I find it curious that some Americans think they live in a theocracy, when both the First Amendment and
the Treaty of Tripoli suggests otherwise...
The "Treaty of Tripoli" argument is the go-to secular humanist argument based on what was apparently a flawed translation (known as the "Barlow" translation) of the original Arabic document. The Hunter-Miller Notes explain:
"Most extraordinary (and wholly unexplained) is the fact that Article 11 of the Barlow translation, with its famous phrase, "the government of the United States of America is not in any sense founded on the Christian Religion," does not exist at all. There is no Article 11."
The fact that an almost exclusively Christian Senate approved the treaty, and a devout Christian president named John Adams signed the treaty, should give any
conscientious individual second thoughts about promoting that treaty as proof against our nation's Christian heritage.

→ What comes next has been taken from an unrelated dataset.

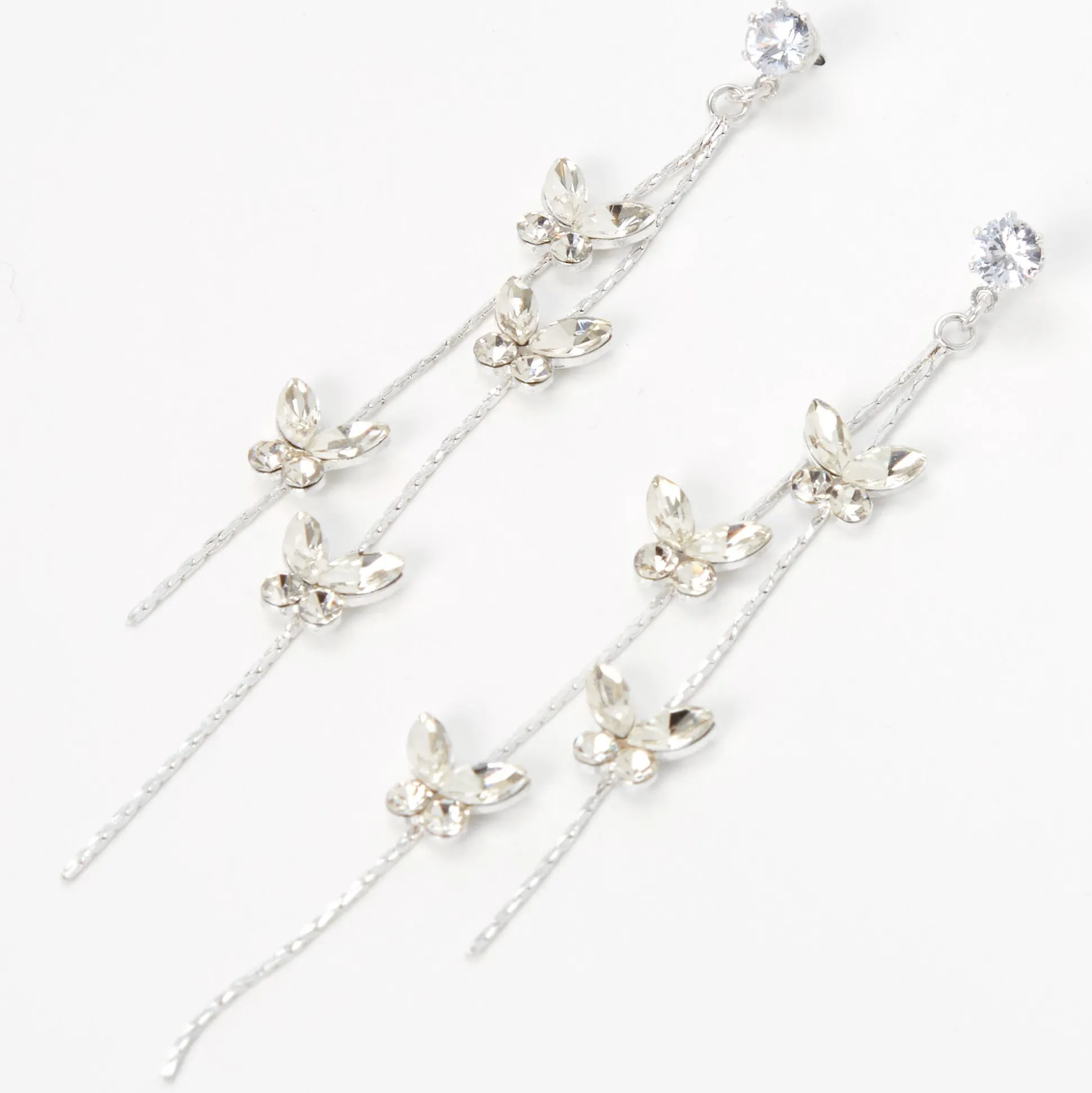 Fais briller tes oreilles avec ces boucles d’oreilles linéaires classiques arborant des papillons composés de strass en zircon cubique d’imitation. Les papillons pendent de chaînes, ce qui donne à ces boucles d’oreilles un effet flottant.

Arguing against our Christian heritage makes even less sense when one considers the fact that, only a few years before the treaty, one of the first acts of the first Congress was to install Christian chaplains for both the House and Senate; and it makes even less sense when one considers that a few years later, President Thomas Jefferson negotiated treaties with the Indians (ratified by the Senate) which funded out of the public treasury the sending of Christian missionaries to evangelize the Indians.
Even a century later, the opinion of the 1892 Supreme Court stated this is Christian Nation:
"These, and many other matters which might be noticed, add a volume of unofficial declarations to the mass of organic utterances that this is a Christian nation. In the face of all these, shall it be believed that a Congress of the United States intended to make it a misdemeanor for a church of this country to contract for the services of a Christian minister residing in another nation?" [Justice Brewer, the Opinion of the Court, "Supreme Court: Church of the Holy Trinity v. United States." Justia, 1892]
Read the entire opinion to see how far our nation has been led astray from its founding principles by those wishing to destroy us.
The bottom line is, this nation was founded as a
Christian Nation. Don't let anyone trick you into believing otherwise.
For the record, I believe this is the final document for the Treaty of Tripoli:
The First Amendment was intended to protect the religious liberty of the states and the people from the federal government, not the other way around. All one really has to do to understand it is to carefully read it:
"Congress shall make no law respecting an establishment of religion, or prohibiting the
free exercise thereof; or abridging the freedom of speech, or of the press; or the right of the people peaceably to assemble, and to petition the Government for a redress of
grievances."
The constitution-haters (freedom-haters) do not want you to know that the prohibition is
on the federal congress, not on the states, nor the people. They also do not want you to read and understand this part:
"Congress shall make no law . . . prohibiting the
free exercise [of religion]; or abridging the freedom of speech"
The purpose of the establishment clause was to ensure the federal government did not establish and endorse a denomination to suppress the people's religious freedoms, such as the suppressive Church of England in those days, or like the currently
established and suppressive religion of evolutionism.
The usurpers have tricked many (including you, it seems) into believing the federal government has the constitutional power to restrict the free exercise of religion, and to abridge free speech; when the lawful powers of the federal government are, in fact, few and defined in Article 1, Section 8, and were never intended to suppress the religious heritage of the people.